*** MATERIAL FOR THIS EXERCISE ***

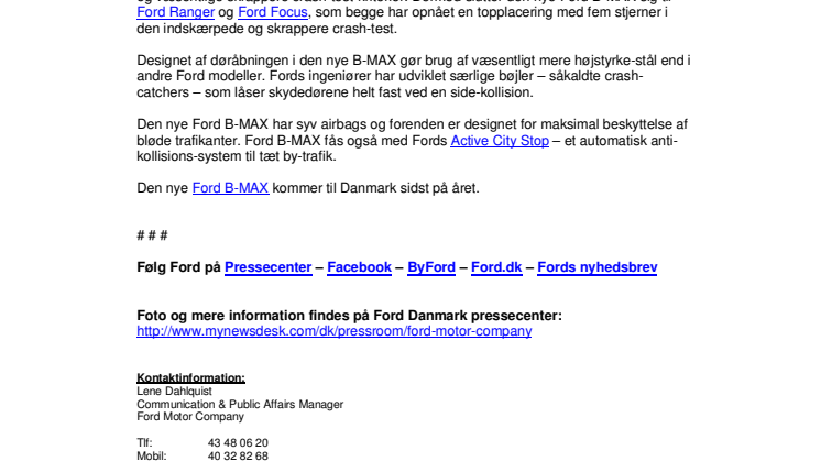Nu er tvivlen udryddet. Europas førende crash-test-institution, Euro NCAP, har netop tildelt den nye Ford B-MAX fem ud af fem mulige stjerner efter helt nye og væsentlige skrappere crash-test-kriterier. Dermed slutter den nye Ford B-MAX sig til Ford Ranger og Ford Focus, som begge har opnået en topplacering med fem stjerner i den indskærpede og skrappere crash-test.
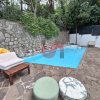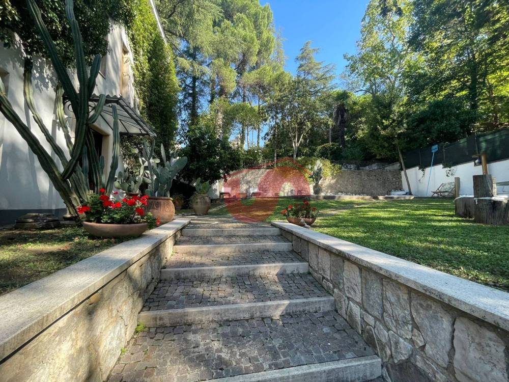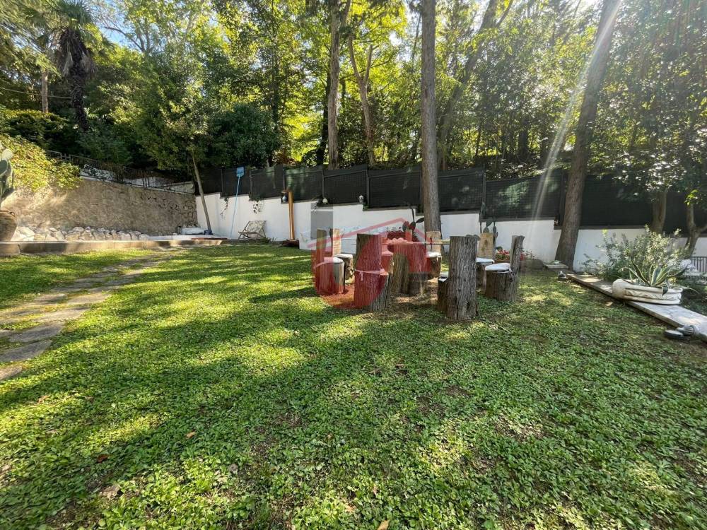 L'imponente giardino allinglese, di circa 3.000 mq è curato ed arricchito da alberi di alto fusto e da alberi da frutto, qui troviamo un ampia piscina idromassaggio (costruita nel 2020) ed un garage di circa 40 mq.
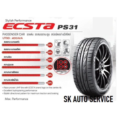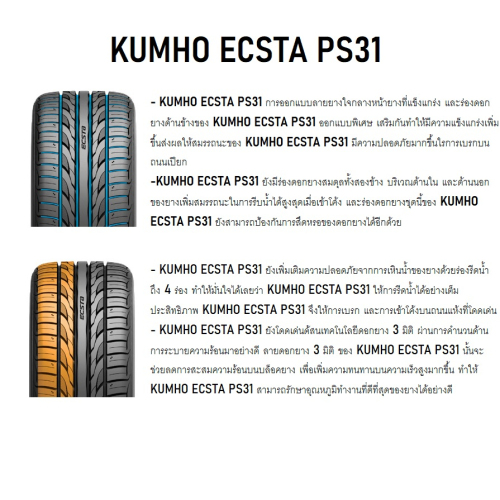ยางสมรรถนะสูง Ultra High Performace ตอบสนองทุกการขับขี่ไปกับยางรถยนต์ยอดขายอันดับ 1 ในเกาหลี "KUMHO" ECSTA PS31 ยางสปอร์ตสมรรถนะสูง คุณภาพเยี่ยม ยางรีดน้ำมั่นใจด้วยสมรรถนะแห่งการควบคุมอย่างเหนือชั้นทุกสภาวะการขับขี่ ขับขี่ปลอดภัย
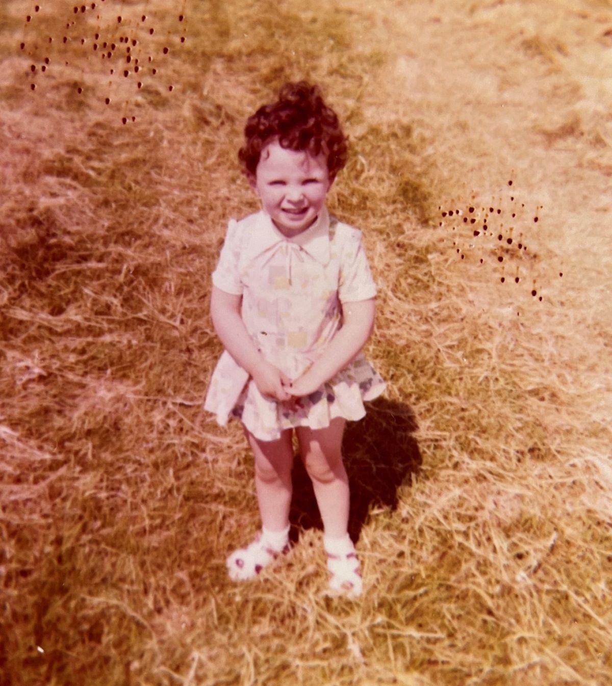 is a girl in her favourite dress. It is a hot summer in 1975 and this girl is
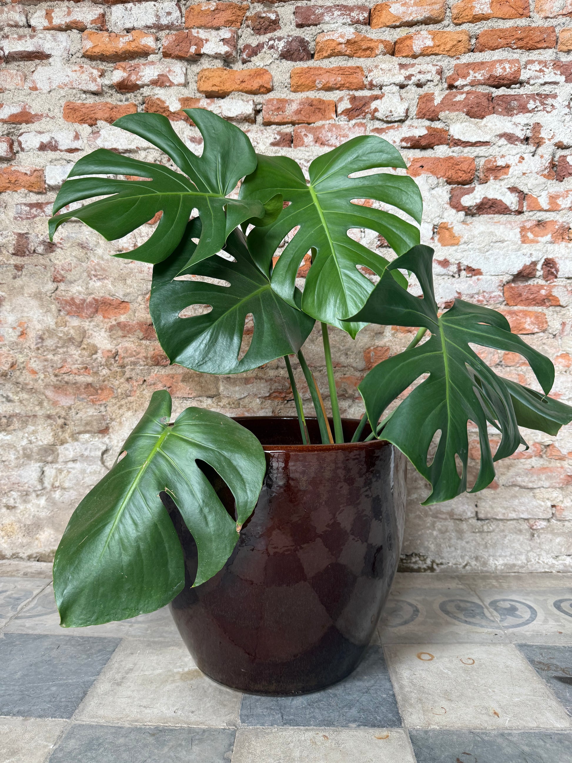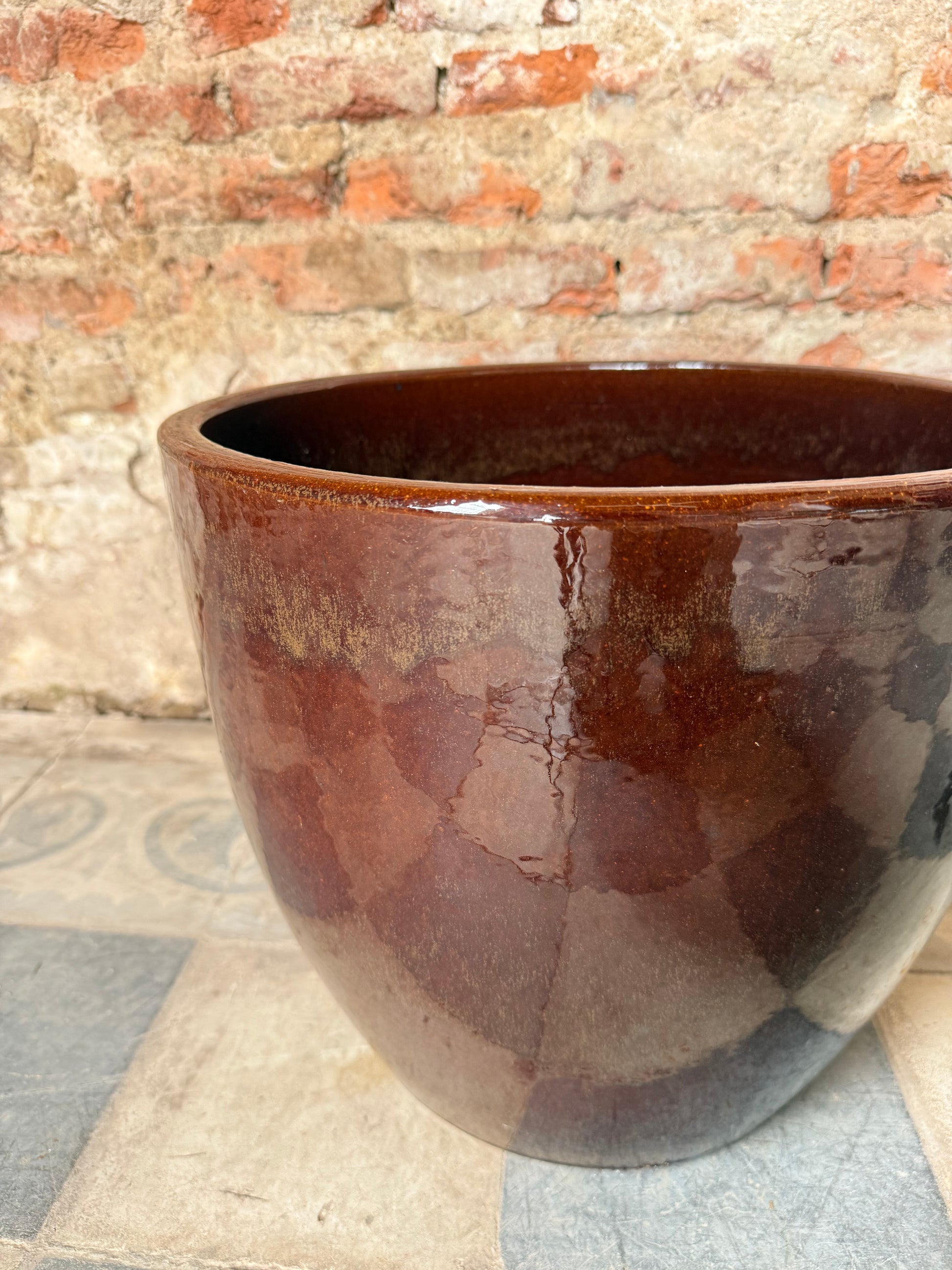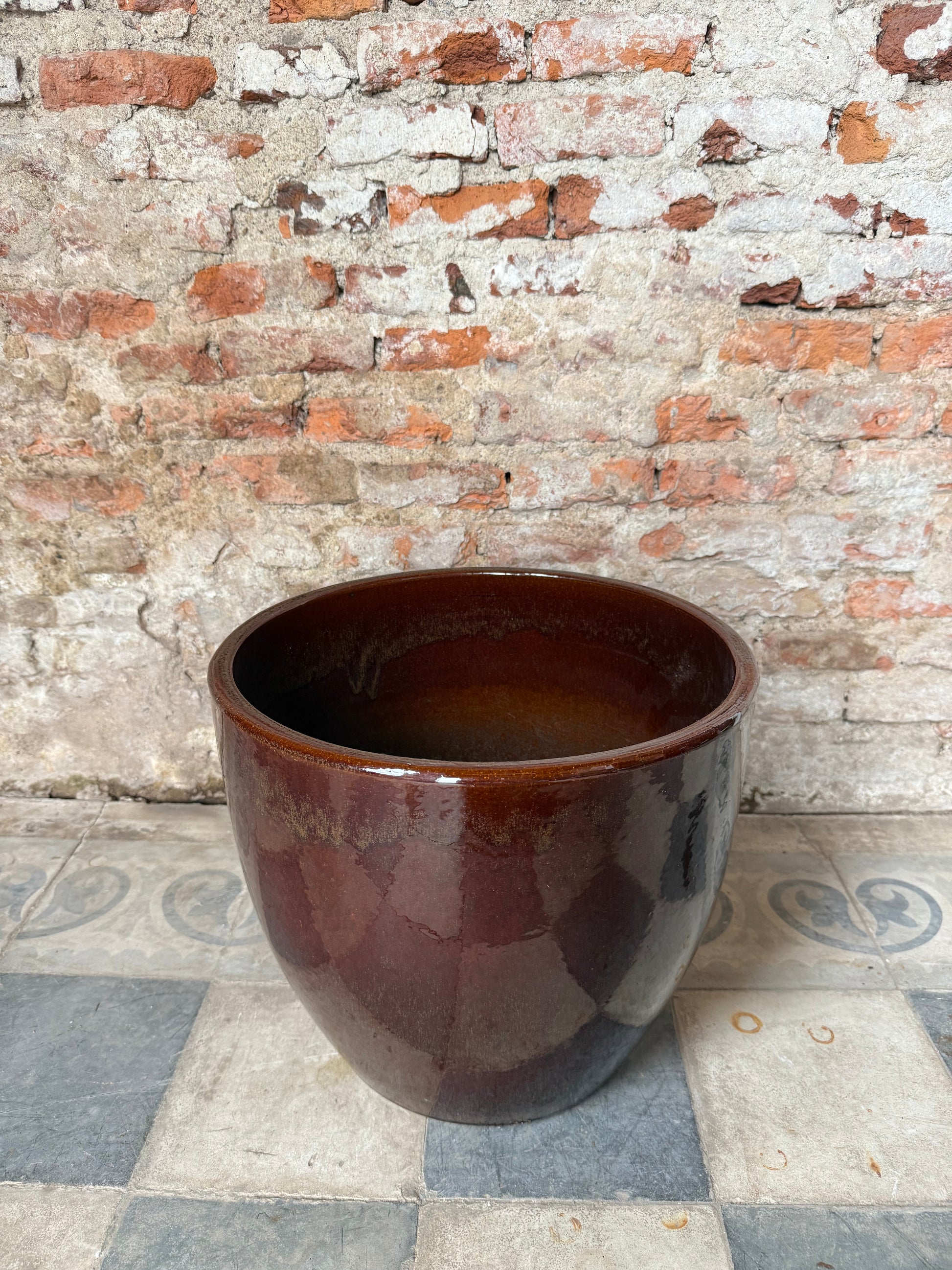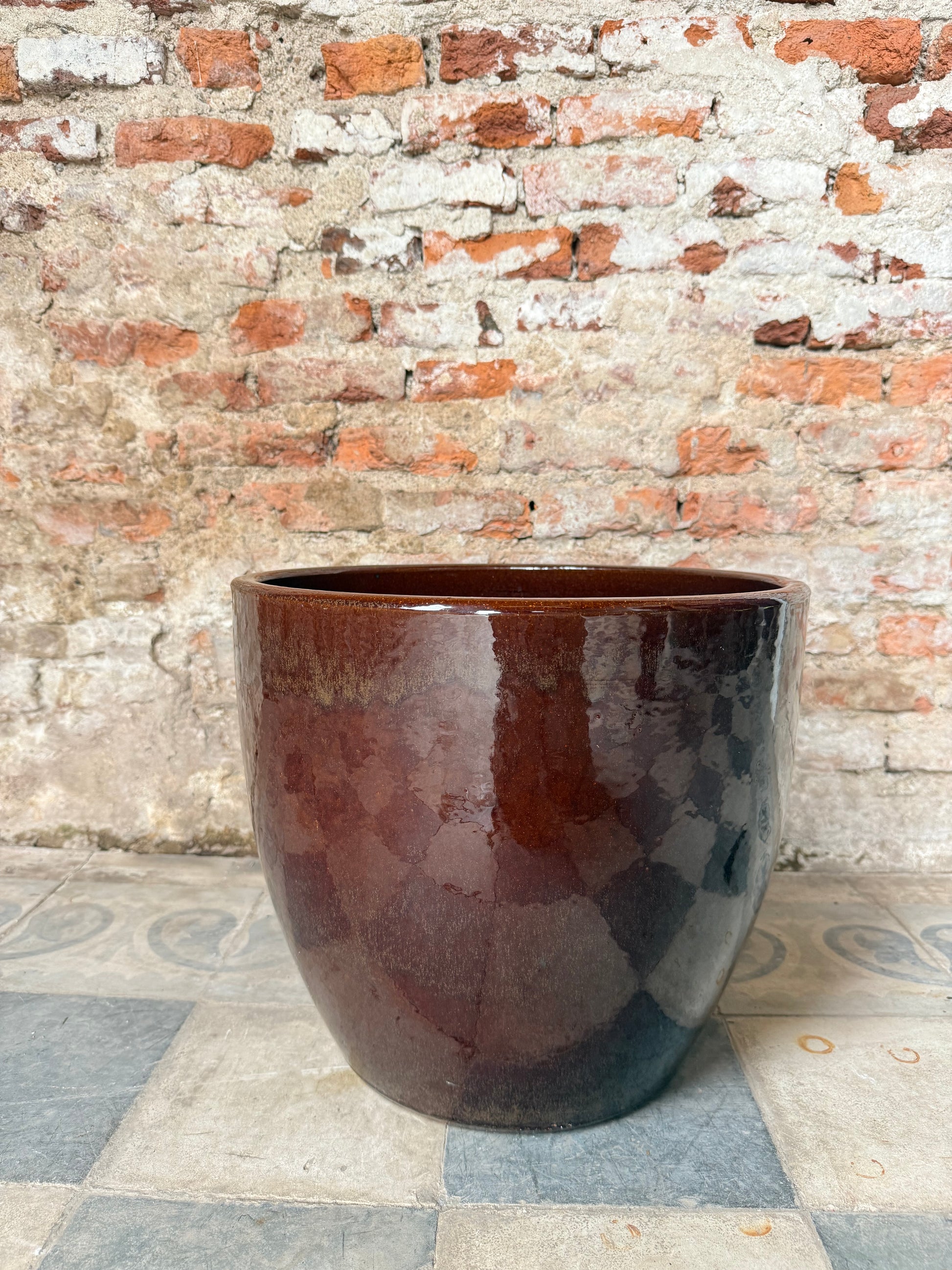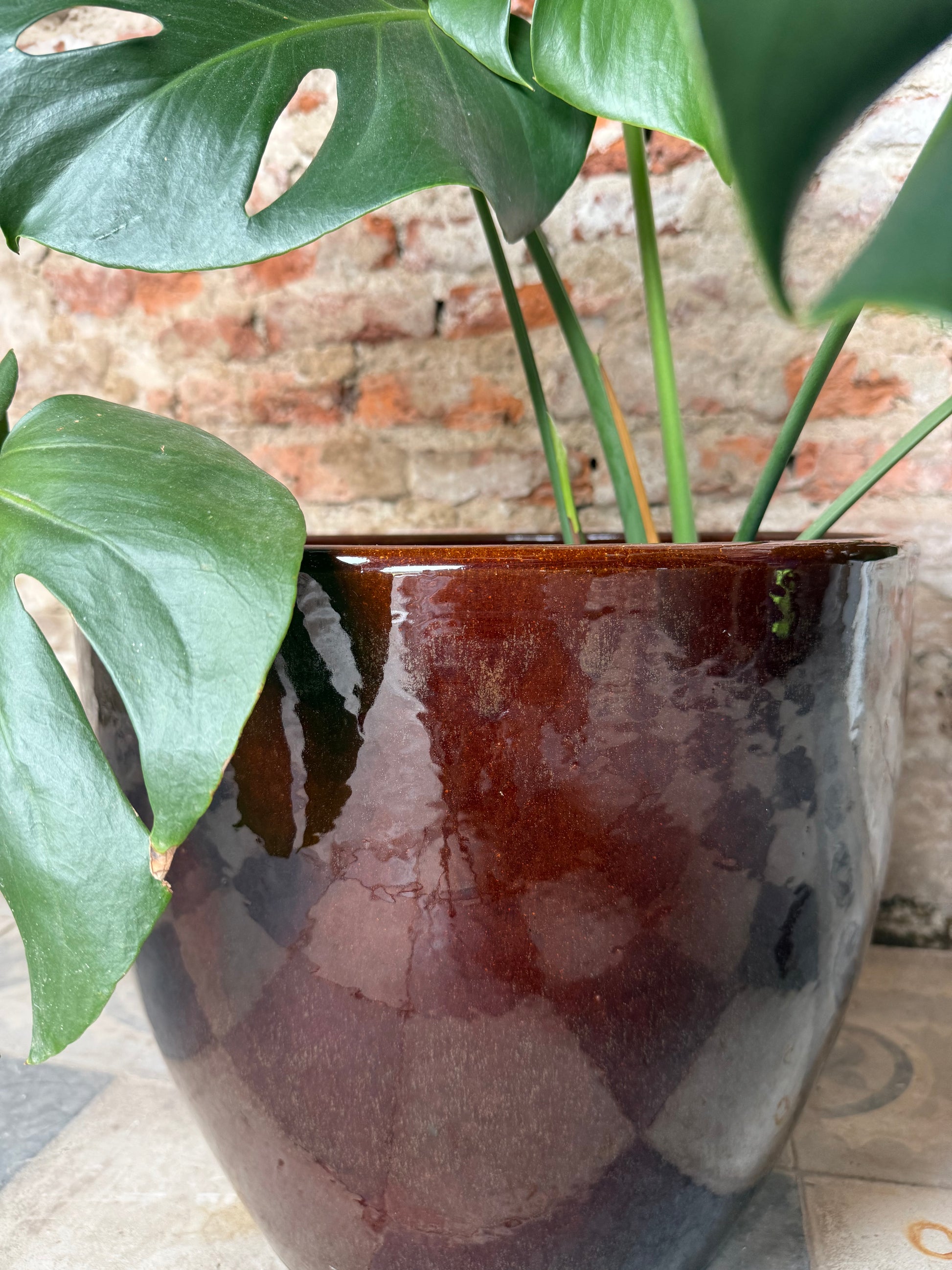 De forma amplia y proporcionada, este modelo es ideal para resaltar plantas de follaje tropical o de porte medio, creando un contraste refinado entre el verde intenso y el brillo único de su esmaltado. Cada pieza es trabajada de manera artesanal, lo que garantiza que no haya dos iguales: los tonos y reflejos varían en cada maceta, dándole un carácter exclusivo.

***

_ACTION ITEM_
Line by line, write out the entries exactly, and leave the pictures out.

_OUTPUT FOR THIS TASK_
Nu er tvivlen udryddet. Europas førende crash-test-institution, Euro NCAP, har netop tildelt den nye Ford B-MAX fem ud af fem mulige stjerner efter helt nye og væsentlige skrappere crash-test-kriterier. Dermed slutter den nye Ford B-MAX sig til Ford Ranger og Ford Focus, som begge har opnået en topplacering med fem stjerner i den indskærpede og skrappere crash-test.
 L'imponente giardino allinglese, di circa 3.000 mq è curato ed arricchito da alberi di alto fusto e da alberi da frutto, qui troviamo un ampia piscina idromassaggio (costruita nel 2020) ed un garage di circa 40 mq.
ยางสมรรถนะสูง Ultra High Performace ตอบสนองทุกการขับขี่ไปกับยางรถยนต์ยอดขายอันดับ 1 ในเกาหลี "KUMHO" ECSTA PS31 ยางสปอร์ตสมรรถนะสูง คุณภาพเยี่ยม ยางรีดน้ำมั่นใจด้วยสมรรถนะแห่งการควบคุมอย่างเหนือชั้นทุกสภาวะการขับขี่ ขับขี่ปลอดภัย
 is a girl in her favourite dress. It is a hot summer in 1975 and this girl is
 De forma amplia y proporcionada, este modelo es ideal para resaltar plantas de follaje tropical o de porte medio, creando un contraste refinado entre el verde intenso y el brillo único de su esmaltado. Cada pieza es trabajada de manera artesanal, lo que garantiza que no haya dos iguales: los tonos y reflejos varían en cada maceta, dándole un carácter exclusivo.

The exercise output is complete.